La Banque du Japon commencera à expérimenter avec le yen numérique

La Banque du Japon a annoncé jeudi qu’elle allait expérimenter avec une CBDC pour vérifier sa faisabilité d’un point de vue technique.

La Banque du Japon a annoncé qu’elle commencerait à expérimenter avec une monnaie numérique de la banque centrale (CBDC) pour vérifier sa faisabilité d’un point de vue technique

La BoJ veut numériser l’argent liquide, mais il reste à voir si le Japon peut rattraper la Chine qui a déjà commencé à tester sa propre CBDC. C’est la première fois que la Bitcoin Circuit révèle qu’elle entamerait un processus de validation de principe (PoC) avec le yen numérique, mais la banque n’a pas encore dévoilé de calendrier.

Dans un rapport intitulé Obstacles techniques pour la CBDC , la banque a déclaré qu’elle „vérifierait la faisabilité de la CBDC d’un point de vue technique, collaborerait avec d’autres banques centrales et institutions compétentes et envisagerait d’introduire une CBDC“.

En février, la nouvelle est apparue que les banques centrales de Grande-Bretagne, de la zone euro, du Japon, du Canada, de la Suède et de la Suisse avaient annoncé un plan de collaboration pour rechercher des émissions de devises numériques.

Obstacles majeurs

La BoJ pense qu’il existe deux obstacles techniques majeurs: l’accès universel et la résilience. Le premier se réfère à fournir l’accessibilité à tout le monde, y compris ceux sans smartphone. Étonnamment, selon Nikkei , en 2018, seulement 65% des japonais avaient des smartphones. BoJ a déclaré „qu’il est important de développer CBDC pour qu’il soit accessible à une variété d’utilisateurs“.

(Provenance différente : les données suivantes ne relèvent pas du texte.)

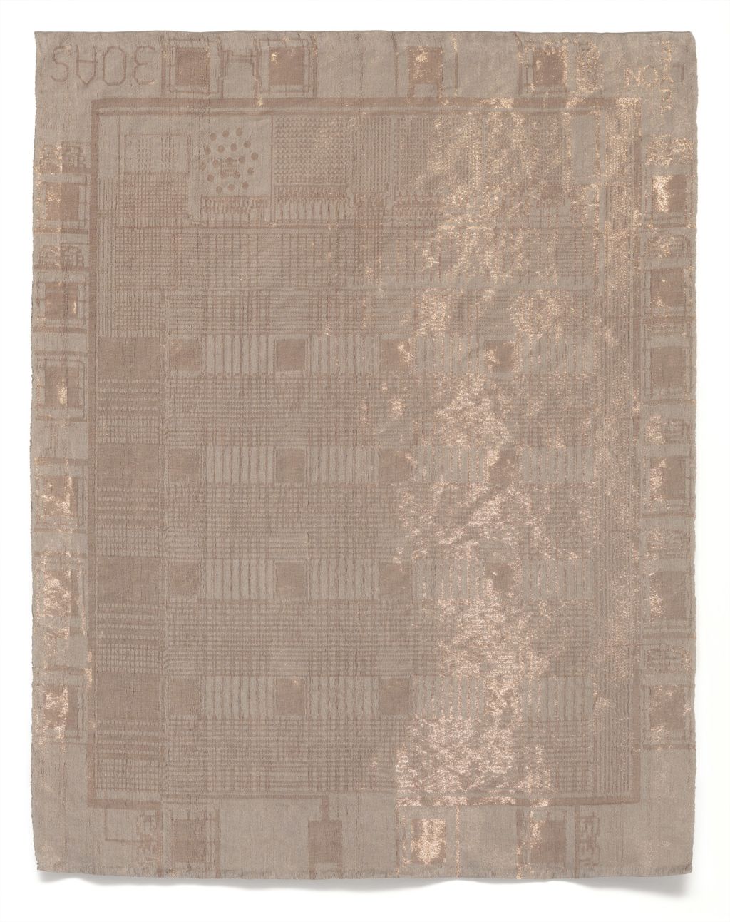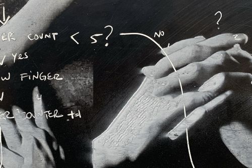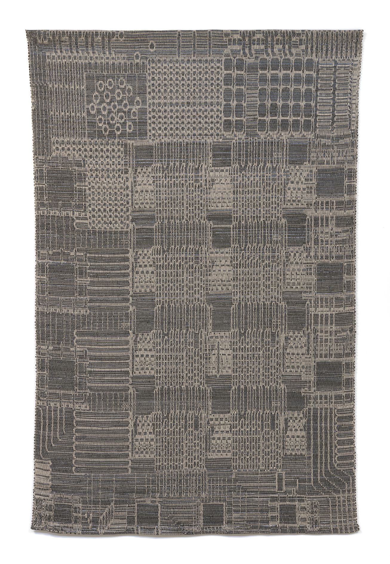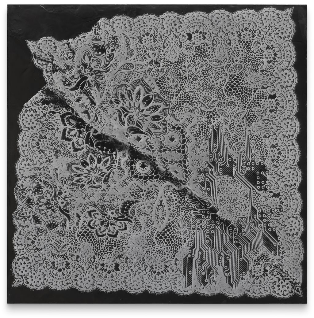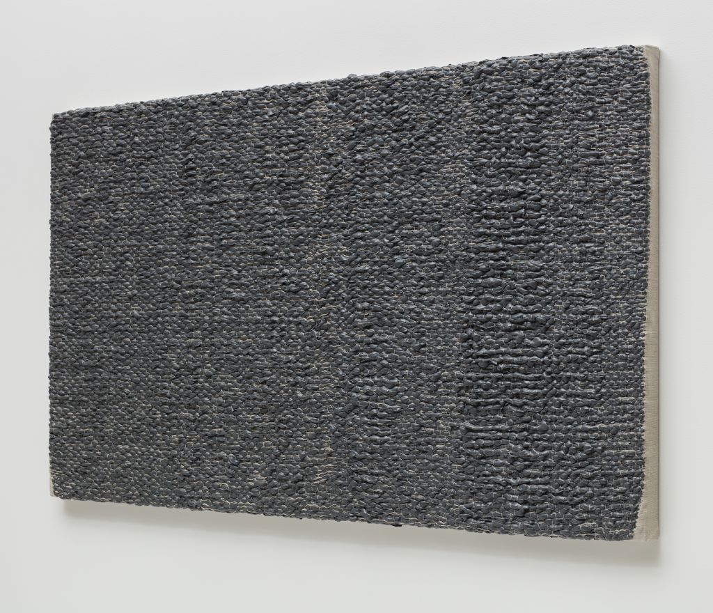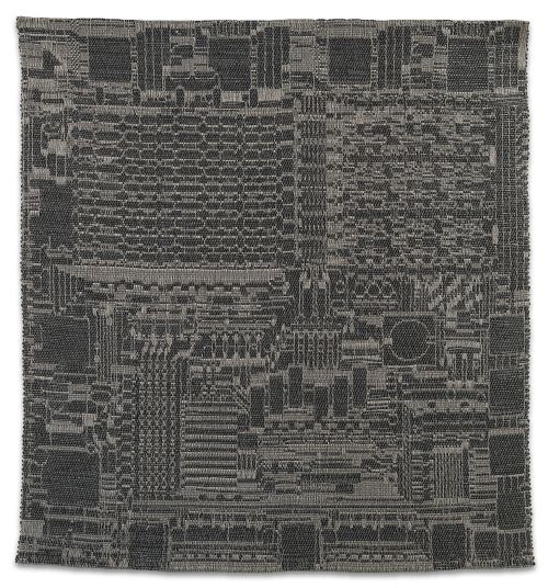 In 2016 the artist acquired a loom, interested originally in its distinct form rather than its function. Yet Saban soon set to work reimagining once more how paintings are made: rather than applying paint to canvas, she creates swollen “threads” of dried acrylic paint that are methodically woven together with linen to produce works in which paint and canvas are literally entwined. Certain of her woven canvases are purely abstract compositions, engaging with the history of minimalist painting; while others suggest doorways and windows, or even digital gradient imaging functions native to Photoshop. Saban’s discovery that the history of weaving and computer technology are inextricably linked has led to increasingly complex tapestries and ink-and-paper works based on the designs of historical circuit boards; and actual circuit boards themselves have become recent material for Saban’s ever-evolving practice, which continues to tackle fundamental questions about art and its meaning within contemporary society.
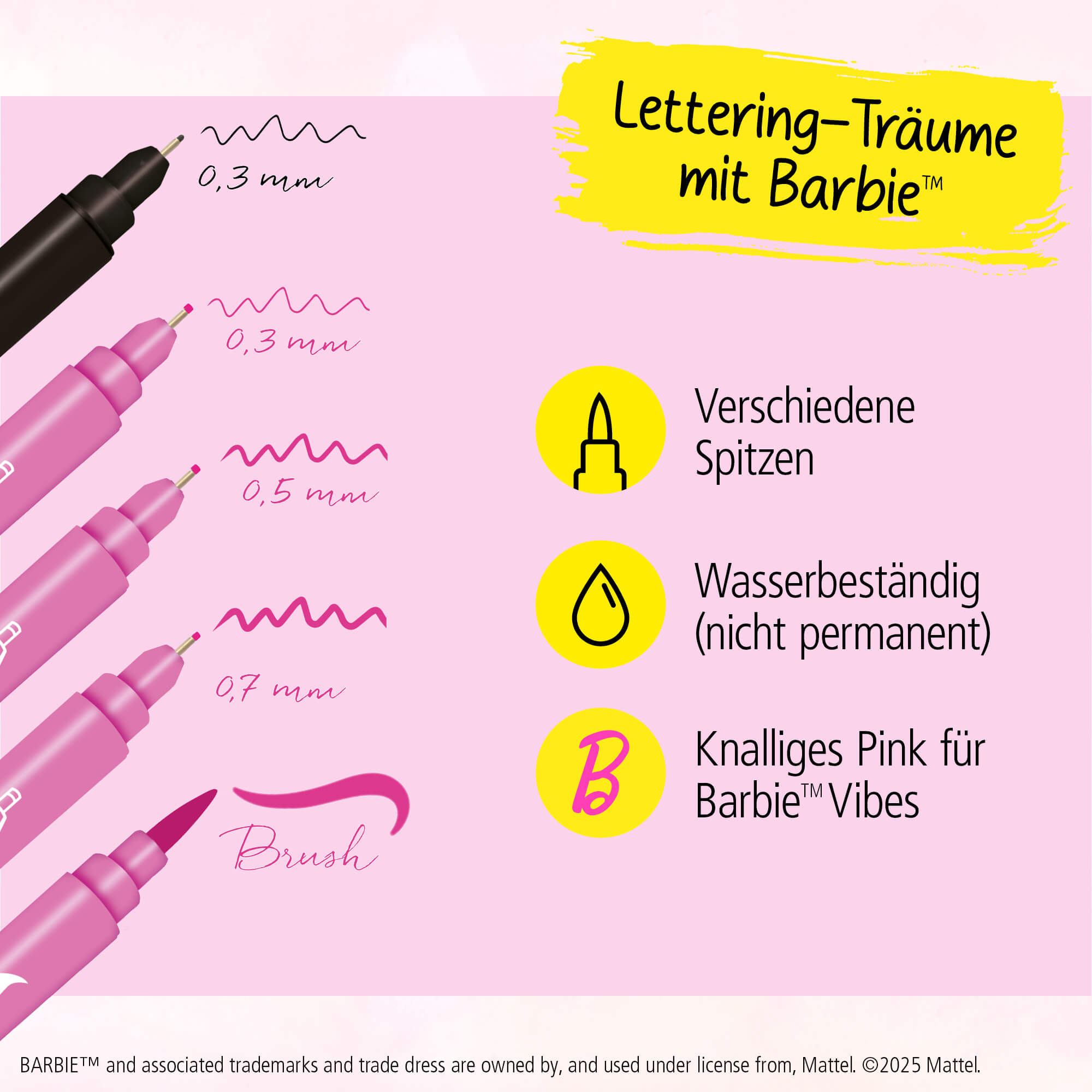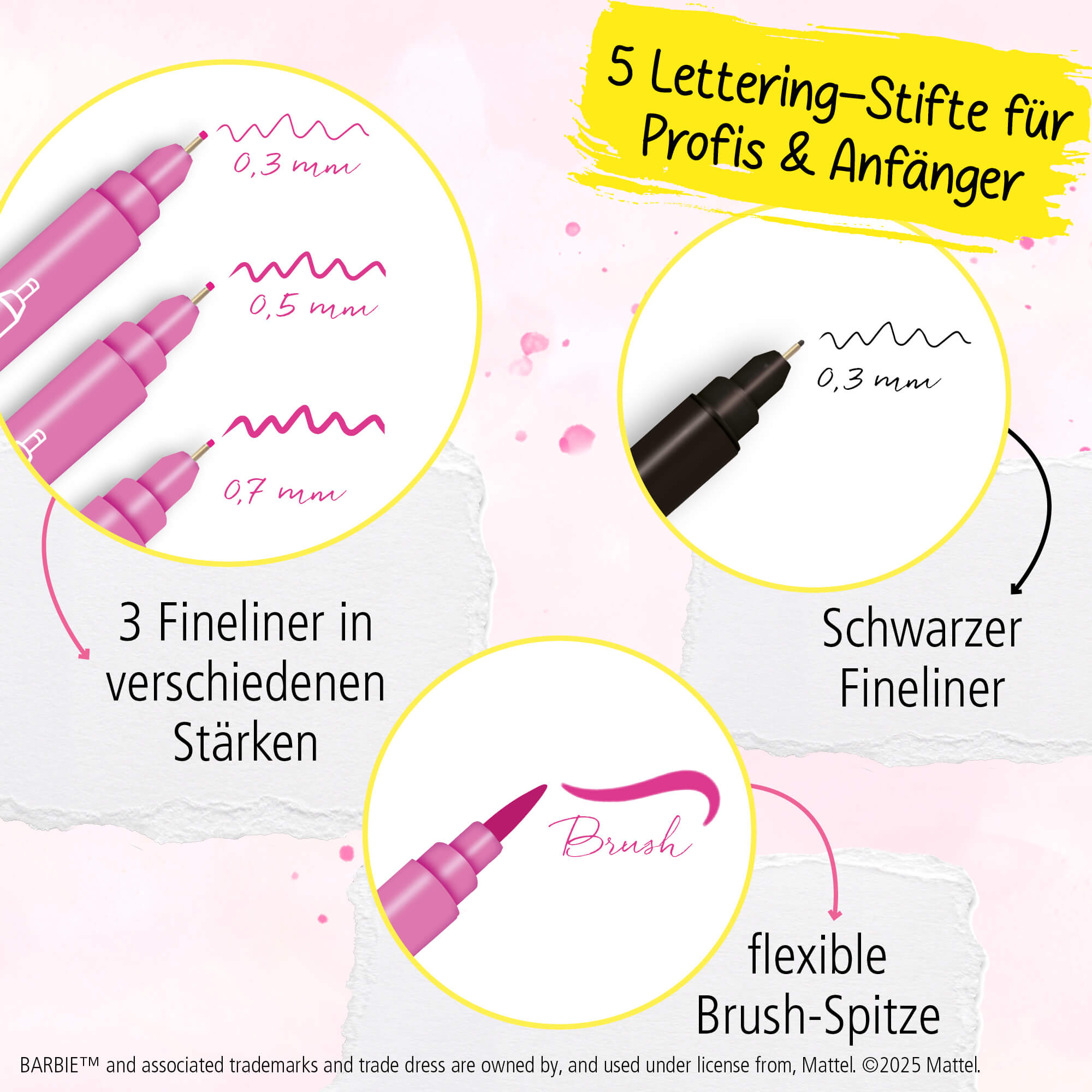 CREATIVE WRITING IN BARBIE STYLE: With this special hand lettering set in the Barbie Edition, creative design becomes a colourful highlight. It includes four beautiful pink pens and a classic black fineliner – perfect for girls who love to write, paint, draw or personalise gifts. Whether hand lettering, sketchnoting or bullet journaling – your creative adventure starts here!
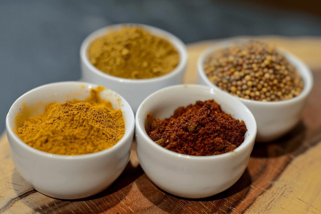 Les épices telles que le curry en poudre, le cumin, le curcuma, le paprika et la coriandre moulue ne sont pas seulement ajoutées pour leurs saveurs, mais aussi pour leurs bienfaits pour la santé. Le curcuma, par exemple, est connu pour ses propriétés anti-inflammatoires et antioxydantes grâce à la curcumine. Le cumin aide à la digestion, tandis que la coriandre peut aider à réduire les niveaux de sucre dans le sang.
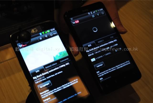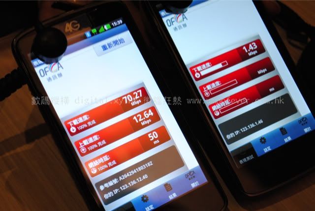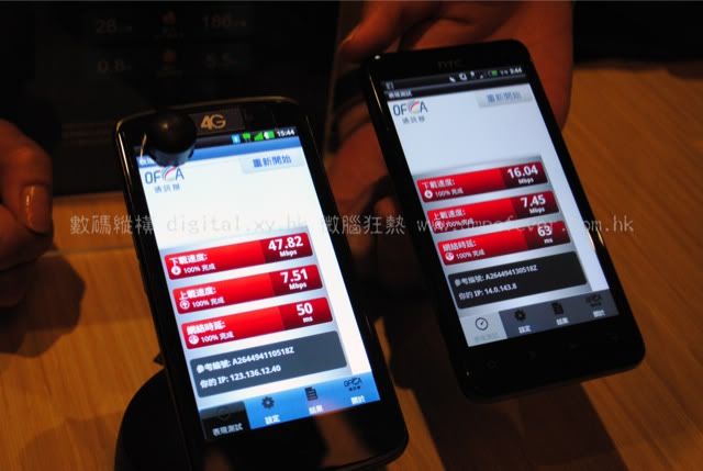 中國移動香港 4G LTE(左) 與 CSL 1010 LTE 4G (右) 測試手機 HTC Velocity 4G
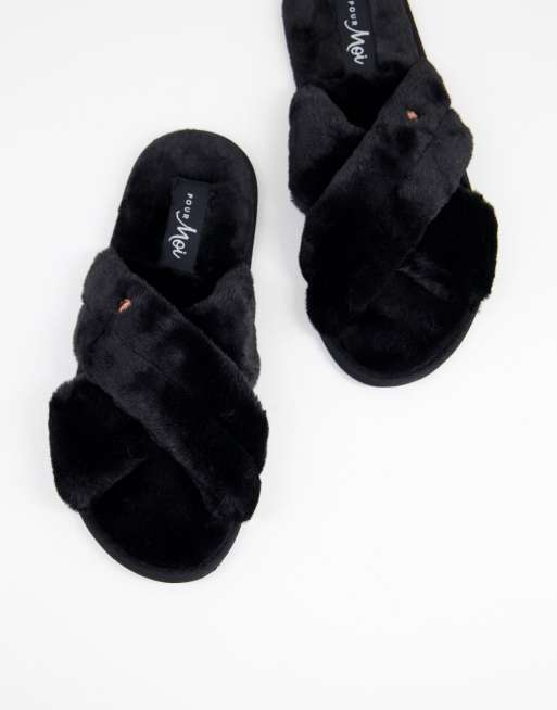 Product id: Black fluffy shop crossover slippers
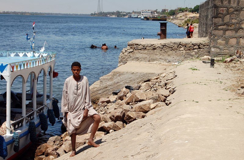 2011 рік. Єгипет, Луксор. Узбережжя Нілу. На задньому плані - місцеві купають у річці коней, рятуючи їх не лише від бруду, а й від нестерпної спеки. На передньому плані - молодий єгиптянин задивився на світловолосих дівчат, яких тут ой як люблять...
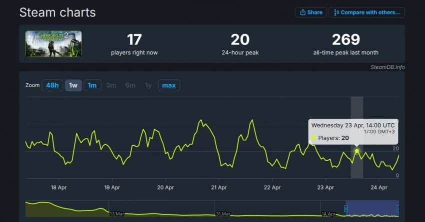 Chernobylite 2 вышла в раннем доступе в Steam в марте — именно тогда игра достигла пикового онлайна в 269 человек. С того момента число игроков стремительно упало. Выход крупного обновления 16 апреля лишь ненадолго привлёк 47 геймеров на пике — аналогичное значение наблюдалось лишь 24 марта. В последние дни онлайн вновь стал снижаться. Например, 23 апреля пик Chernobylite 2 составил лишь 20 игроков.
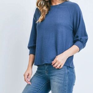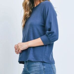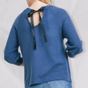 Tresics Blouse Round Neck Mid Length Sleeve Tie Back Ribbed Cuff Blue W S/M NWOT
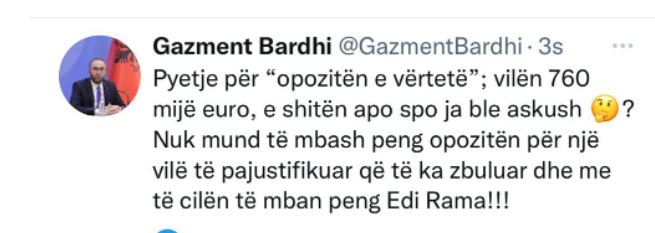 Nëpërmjet një postimi në “Tëitter”, Bardhi ka shtruar pyetjen për atë që quan me ironi “opozitë e vërtetë”, duke pretenduar edhe njëherë se është Edi Rama, ai i cili po mban peng deputetët.
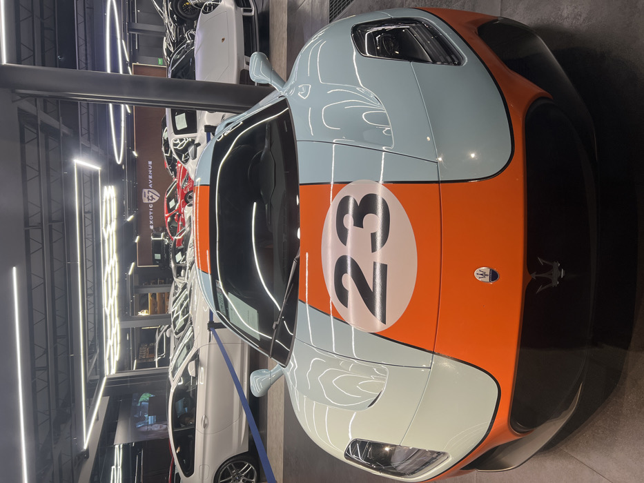 Maserati GranTurismo in the Gulf Oil racing livery with the number 23 prominently displayed. The car is light blue and orange, parked in a showroom with other exotic cars. The interior is not visible. The Maserati logo is visible on the hood. The showroom's lighting is bright, reflecting off the car's surface. The showroom sign "EXOTIC AVENUE" is visible in the background.
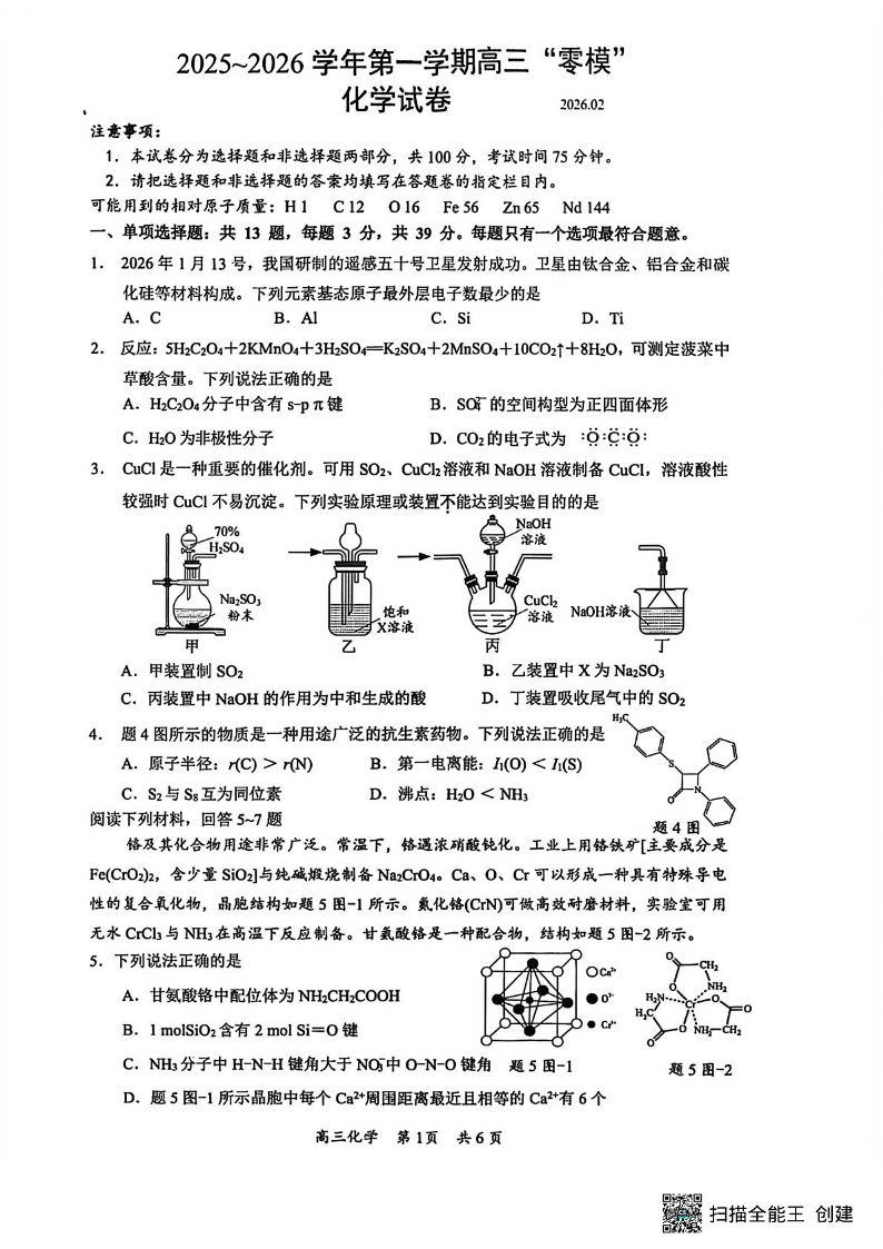 高三化学+答案--江苏省镇江市2026届高三上学期零模
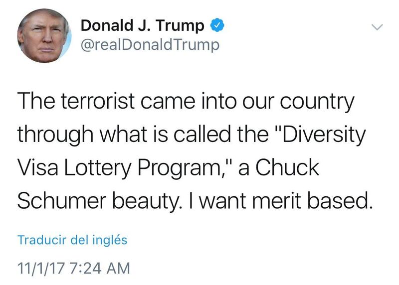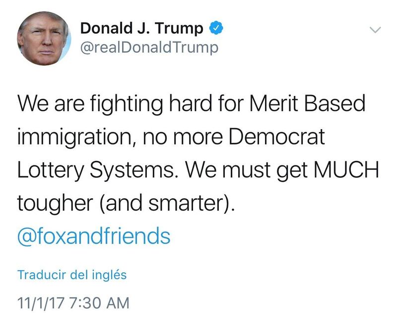 En una serie de tuits, Trump se hizo eco de una información de varios medios, entre ellos la cadena ABC, que asegura que el sospechoso del atentado, Sayfullo Saipov, un uzbeco de 29 años, llegó a EEUU hace siete años gracias a una lotería de visados a la que acceden naciones que tienen pocos inmigrantes en el país.

La «résilience» fait référence à la disponibilité hors ligne lorsque l’alimentation électrique est coupée. La BoJ a souligné l’importance de l’accessibilité dans tout type d’environnement, même dans une situation d’urgence telle qu’un tremblement de terre.

Yen numérique et blockchain

La BoJ envisage d’utiliser ou non la blockchain pour la CBDC. Un système centralisé a le mérite «d’avoir de grandes capacités et une vitesse de transaction rapide», mais l’ensemble du système peut tomber en panne en raison de l’existence d’un point de défaillance unique.

En revanche, les CBDC basés sur DLT peuvent surmonter un seul point de défaillance et faire preuve de résilience mais nécessitent plus de temps pour effectuer les transactions car les réseaux de chaînes de blocs nécessitent un consensus entre plusieurs valideurs.

La BoJ a conclu:

„Les types centralisés et décentralisés ont des avantages et des inconvénients […] dans le cas de transactions massives pour des cas d’utilisation de détail dans les pays avancés, il est préférable d’adopter le type centralisé […] dans le cas où le montant de la transaction est limité et la résilience et les possibilités futures sont prioritaires, il est possible d’envisager le type décentralisé. „

En avril, le yuan numérique chinois aurait été testé dans les villes de Shenzhen, Chengdu, Suzhou et Xiongan.